§ **Data**
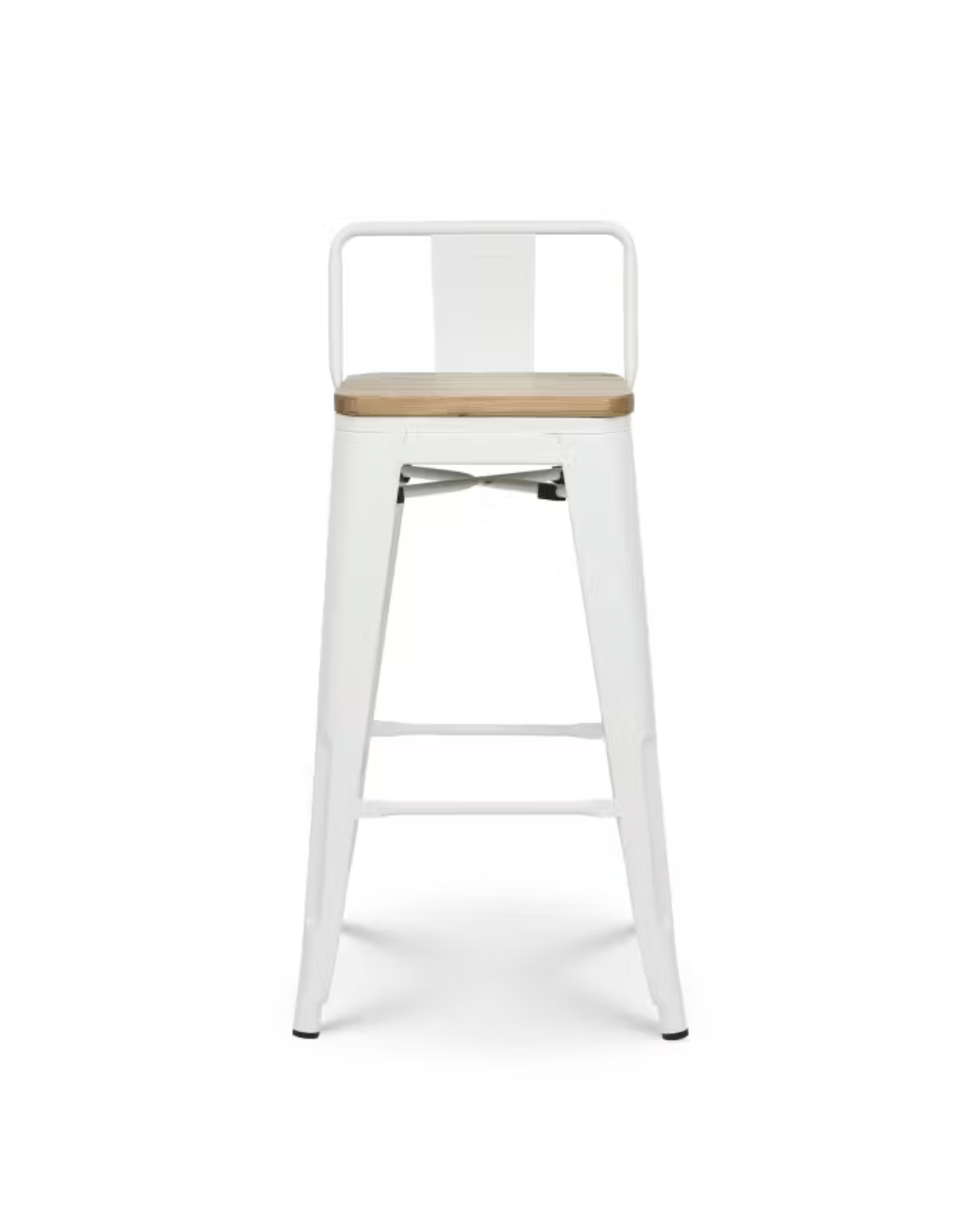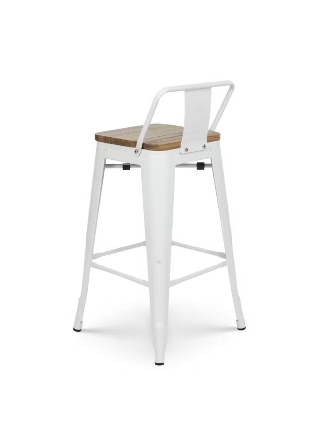 taburete de bar de metal blanco mate con asiento de madera y respaldo. 400 x 400 x 930 mm pack 4 unidades
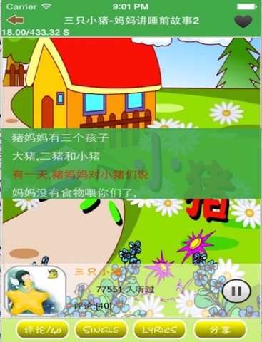 有声故事-宝宝学讲故事是为宝宝提供儿童故事的文字、语音同步的应用。可以让宝宝在听完故事后自己根据理解录制自己讲解的故事。对儿童的口语表达、文字理解有很好的学-
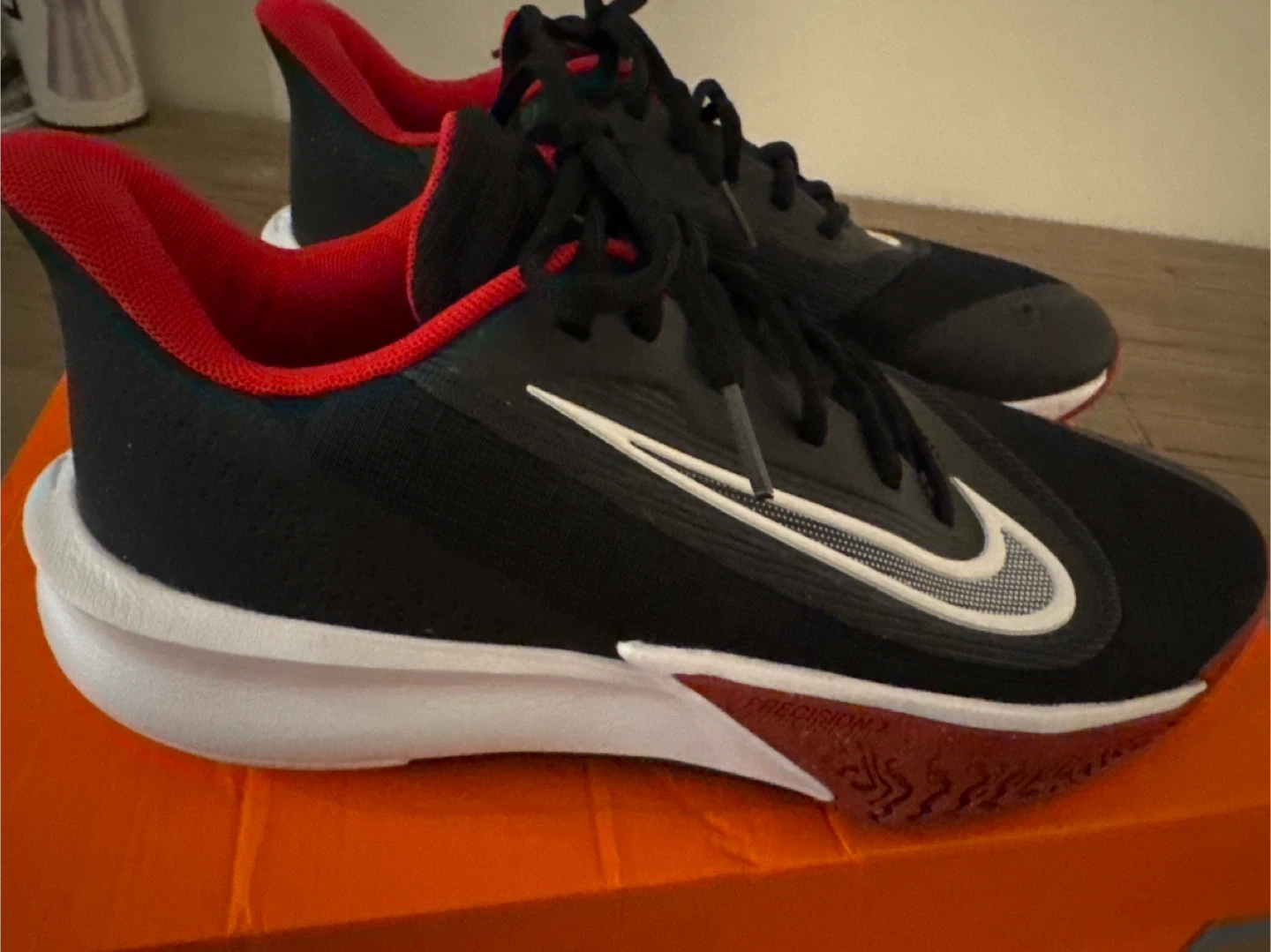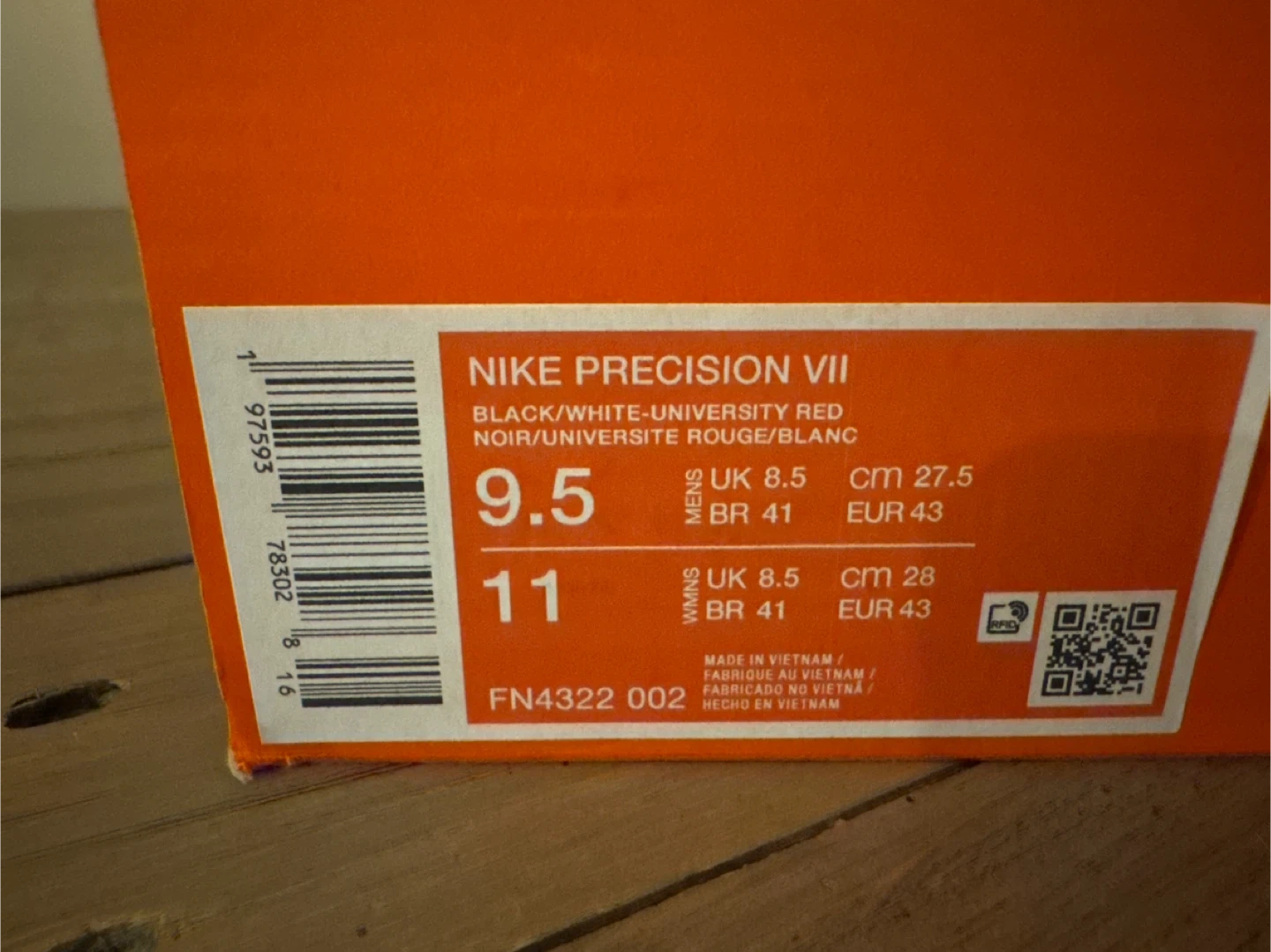 These are Nike Precision VII basketball shoes in black, white, and university red. They're a men's size 9.5 (UK 8.5, EUR 43). Includes the original box. These shoes are designed for performance on the court!

§ **Task objective**
Your answer must be exactly the lines from the one with "有声故事-宝宝学讲故事是为宝" through the final line of the data, with no pictures in it.

§ **Exercise output**
 有声故事-宝宝学讲故事是为宝宝提供儿童故事的文字、语音同步的应用。可以让宝宝在听完故事后自己根据理解录制自己讲解的故事。对儿童的口语表达、文字理解有很好的学-
 These are Nike Precision VII basketball shoes in black, white, and university red. They're a men's size 9.5 (UK 8.5, EUR 43). Includes the original box. These shoes are designed for performance on the court!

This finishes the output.